针对蛋白等生物大分子难于印迹的问题开展系统的蛋白印迹环境响应性高分子磁性微球多层次结构构筑、调控与应用的理论研究。探索模板蛋白和环境响应性高分子可能的特异性相互作用，建立聚合物链结构、交联结构、电荷和官能团位点与数量等与模板蛋白分子选择性识别性质之间的关系；探索出利用PMPC等增强印迹微球对模板蛋白选择性的途径；研究印迹微球表面形貌及大孔道调控方法，提高印迹微球的比表面积，揭示表面形貌、孔结构和印迹效率的关系；构筑具有不同界面特征的系列蛋白印迹复合微球，探索摇铃型印迹微球等界面结构对蛋白分离效果的影响规律；揭示模板蛋白吸附和解吸过程机制及其在印迹层中的动力学行为，建立对应的理论模型；最终从高分子分子结构、交联结构、孔道结构等多层面实现对印迹腔、位点排布的可控制备；解决制约蛋白印迹材料的选择性识别和目标分子捕获释放等关键问题，为生物大分子的分离、富集、免疫检测、药物控制释放等研究提供新思路。
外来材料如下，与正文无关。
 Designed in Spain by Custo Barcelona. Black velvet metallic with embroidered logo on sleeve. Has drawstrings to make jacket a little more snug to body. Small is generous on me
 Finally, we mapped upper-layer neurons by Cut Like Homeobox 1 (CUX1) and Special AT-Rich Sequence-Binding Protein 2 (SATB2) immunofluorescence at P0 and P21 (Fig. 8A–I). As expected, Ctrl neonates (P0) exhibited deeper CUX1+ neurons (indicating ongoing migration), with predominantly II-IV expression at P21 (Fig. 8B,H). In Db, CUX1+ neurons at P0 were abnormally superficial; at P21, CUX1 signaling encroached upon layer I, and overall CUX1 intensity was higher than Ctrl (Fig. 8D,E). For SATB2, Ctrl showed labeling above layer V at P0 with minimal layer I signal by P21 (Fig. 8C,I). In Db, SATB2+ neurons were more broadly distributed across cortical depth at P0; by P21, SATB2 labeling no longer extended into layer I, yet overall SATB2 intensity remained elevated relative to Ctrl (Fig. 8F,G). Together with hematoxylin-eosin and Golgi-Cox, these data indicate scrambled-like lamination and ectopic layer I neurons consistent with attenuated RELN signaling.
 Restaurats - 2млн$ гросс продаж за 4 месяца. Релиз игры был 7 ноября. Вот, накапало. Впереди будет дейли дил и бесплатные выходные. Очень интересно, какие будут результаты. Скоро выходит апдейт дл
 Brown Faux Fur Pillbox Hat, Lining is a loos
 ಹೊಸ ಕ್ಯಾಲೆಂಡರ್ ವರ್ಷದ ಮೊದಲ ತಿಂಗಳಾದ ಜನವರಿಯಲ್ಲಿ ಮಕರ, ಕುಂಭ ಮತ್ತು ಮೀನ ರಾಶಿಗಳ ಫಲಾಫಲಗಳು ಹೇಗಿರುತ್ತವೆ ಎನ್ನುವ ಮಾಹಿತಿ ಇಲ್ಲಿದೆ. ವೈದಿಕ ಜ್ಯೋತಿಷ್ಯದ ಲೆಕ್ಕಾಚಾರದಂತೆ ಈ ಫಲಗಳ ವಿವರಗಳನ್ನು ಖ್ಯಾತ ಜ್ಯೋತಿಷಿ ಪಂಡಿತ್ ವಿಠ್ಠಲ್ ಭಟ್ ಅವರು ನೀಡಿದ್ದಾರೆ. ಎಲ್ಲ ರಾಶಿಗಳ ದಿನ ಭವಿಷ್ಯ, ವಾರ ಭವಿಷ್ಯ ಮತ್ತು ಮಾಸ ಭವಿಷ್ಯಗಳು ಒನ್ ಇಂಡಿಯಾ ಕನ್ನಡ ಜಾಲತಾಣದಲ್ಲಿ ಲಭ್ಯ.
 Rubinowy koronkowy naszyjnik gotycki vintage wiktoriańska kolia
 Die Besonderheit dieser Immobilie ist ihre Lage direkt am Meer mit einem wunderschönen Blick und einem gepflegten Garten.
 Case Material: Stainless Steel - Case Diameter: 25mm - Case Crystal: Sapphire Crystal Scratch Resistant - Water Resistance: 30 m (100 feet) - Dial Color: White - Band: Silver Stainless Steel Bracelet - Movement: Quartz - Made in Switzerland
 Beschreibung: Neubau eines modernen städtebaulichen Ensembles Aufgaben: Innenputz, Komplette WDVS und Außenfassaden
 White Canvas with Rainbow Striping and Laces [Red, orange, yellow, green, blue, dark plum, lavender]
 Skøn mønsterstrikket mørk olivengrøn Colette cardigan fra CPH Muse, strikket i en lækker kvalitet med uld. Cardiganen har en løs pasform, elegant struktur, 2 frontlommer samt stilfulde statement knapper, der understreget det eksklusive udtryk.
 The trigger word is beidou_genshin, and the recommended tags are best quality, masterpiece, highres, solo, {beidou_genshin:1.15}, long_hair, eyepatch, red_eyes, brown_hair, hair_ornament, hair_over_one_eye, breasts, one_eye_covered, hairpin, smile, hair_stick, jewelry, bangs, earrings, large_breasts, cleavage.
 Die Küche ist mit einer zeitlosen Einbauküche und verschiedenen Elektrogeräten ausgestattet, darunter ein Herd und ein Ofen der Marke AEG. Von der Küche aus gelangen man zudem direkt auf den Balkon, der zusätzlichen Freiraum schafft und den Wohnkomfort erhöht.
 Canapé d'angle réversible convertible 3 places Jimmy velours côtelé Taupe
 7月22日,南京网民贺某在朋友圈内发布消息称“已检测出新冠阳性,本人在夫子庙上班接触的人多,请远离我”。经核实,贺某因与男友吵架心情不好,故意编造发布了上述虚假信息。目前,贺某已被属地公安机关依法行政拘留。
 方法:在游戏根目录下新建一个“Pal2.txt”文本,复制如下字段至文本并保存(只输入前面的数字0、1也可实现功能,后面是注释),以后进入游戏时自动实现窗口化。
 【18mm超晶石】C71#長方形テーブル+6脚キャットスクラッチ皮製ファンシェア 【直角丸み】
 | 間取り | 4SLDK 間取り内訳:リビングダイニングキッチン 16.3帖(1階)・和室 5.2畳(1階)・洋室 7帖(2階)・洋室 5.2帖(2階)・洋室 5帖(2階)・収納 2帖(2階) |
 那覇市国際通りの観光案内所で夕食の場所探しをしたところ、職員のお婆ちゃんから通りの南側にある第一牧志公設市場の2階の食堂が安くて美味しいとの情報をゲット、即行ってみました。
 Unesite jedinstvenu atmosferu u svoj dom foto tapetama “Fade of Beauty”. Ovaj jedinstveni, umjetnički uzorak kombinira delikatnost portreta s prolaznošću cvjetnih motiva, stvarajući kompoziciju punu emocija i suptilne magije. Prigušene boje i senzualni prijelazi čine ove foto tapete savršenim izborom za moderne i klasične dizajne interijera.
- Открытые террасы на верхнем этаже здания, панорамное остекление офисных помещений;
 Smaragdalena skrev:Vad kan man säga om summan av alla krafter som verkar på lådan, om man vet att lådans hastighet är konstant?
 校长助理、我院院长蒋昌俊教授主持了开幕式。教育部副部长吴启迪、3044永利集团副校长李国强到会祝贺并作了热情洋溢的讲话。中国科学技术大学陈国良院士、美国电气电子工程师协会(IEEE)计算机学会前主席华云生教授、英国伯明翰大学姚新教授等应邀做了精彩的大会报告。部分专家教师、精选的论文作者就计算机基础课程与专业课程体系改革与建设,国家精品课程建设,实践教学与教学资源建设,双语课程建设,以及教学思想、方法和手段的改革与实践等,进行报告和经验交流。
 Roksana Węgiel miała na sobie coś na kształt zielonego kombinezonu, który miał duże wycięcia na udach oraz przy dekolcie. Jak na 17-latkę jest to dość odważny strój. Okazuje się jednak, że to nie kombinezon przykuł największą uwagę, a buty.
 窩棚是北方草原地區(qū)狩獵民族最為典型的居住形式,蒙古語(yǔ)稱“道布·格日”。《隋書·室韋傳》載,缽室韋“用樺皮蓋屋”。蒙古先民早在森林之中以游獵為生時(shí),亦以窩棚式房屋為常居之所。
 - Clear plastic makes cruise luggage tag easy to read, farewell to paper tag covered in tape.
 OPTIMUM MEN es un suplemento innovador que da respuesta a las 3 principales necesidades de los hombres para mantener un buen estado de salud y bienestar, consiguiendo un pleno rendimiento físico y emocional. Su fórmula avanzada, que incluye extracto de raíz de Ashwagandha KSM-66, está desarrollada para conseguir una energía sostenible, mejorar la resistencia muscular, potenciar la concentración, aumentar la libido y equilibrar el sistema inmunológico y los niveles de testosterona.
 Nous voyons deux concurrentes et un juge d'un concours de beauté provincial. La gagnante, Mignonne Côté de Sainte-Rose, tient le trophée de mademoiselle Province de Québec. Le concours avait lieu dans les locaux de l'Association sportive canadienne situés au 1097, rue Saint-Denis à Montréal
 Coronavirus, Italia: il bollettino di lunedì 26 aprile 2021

由于蛋白等生物大分子自身结构特点，其分离纯化是最具挑战性的难题之一。本项目围绕模板蛋白和环境响应性高分子之间的相互作用、聚合物多级结构对蛋白选择性识别等科学问题，开展了系统研究，相关成果在ACS Applied Materials & Interfaces，Macromolecules等期刊上发表49篇论文，他引645次，授权专利11项，获2017年国家科技进步奖二等奖1项。主要成果有：.（1）制备了系列磁性温敏印迹微球，揭示了印迹层厚度、界面羧基密度等对BSA识别效果的影响规律，以及温敏性能对蛋白吸附与洗脱的作用，探索出交联度、温敏性和识别能力间的平衡关系；.（2）将系列离子液体以及离子液体功能化的线性聚合大分子链作为功能单体，利用分子模拟揭示其与蛋白间的相互作用，利用可控聚合制备出系列印迹微球，有效解决了印迹过程中模板蛋白易失活变性的问题；.（3）构筑了多种新型蛋白印迹聚合物体系：集成Ni2+-BSA定向配位作用和分子间氢键等作用，制备的多层次结构磁性蛋白印迹微球实现了吸附量和选择性双提升（Q=266.99 mg/g，IF=5.45）；将硫代内酯点击开环聚合多步反应策略引入磁性蛋白印迹体系，实现了印迹高分子结构的灵活设计，获得了兼具高效吸附和识别性能的印迹材料；.（4）利用共聚合和AGET-ATRP法将具有抗蛋白吸附性质的甲基丙烯酰乙基磺基甜菜碱、2-甲基丙烯酰氧乙基磷酰胆碱等可控引入印迹体系，通过精确控制其链段长度、排列方式等，实现了印迹层表面抗蛋白吸附能力的有效调控，显著提高了特异性识别能力，印迹因子（IF）增至8.32；.（5）基于受限自缩聚反应制备出具有自驱动性能的表面印迹管状碳纳米纤维，其兼具高吸附量（541.99 m/g）与快吸附的特性；发现了非交联PGMA种子粒子具有单洞特性，构筑了多种树莓结构微球，提高了印迹表面积。基于这些微球制得的高比表面印迹材料具有优良的吸附性能（IF>4.5）。. 本项目从高分子分子结构、交联结构、孔道结构等多层面实现了对印迹腔、位点排布的可控制备，为生物大分子的分离富集、免疫检测、药物控释等研究提供新思路。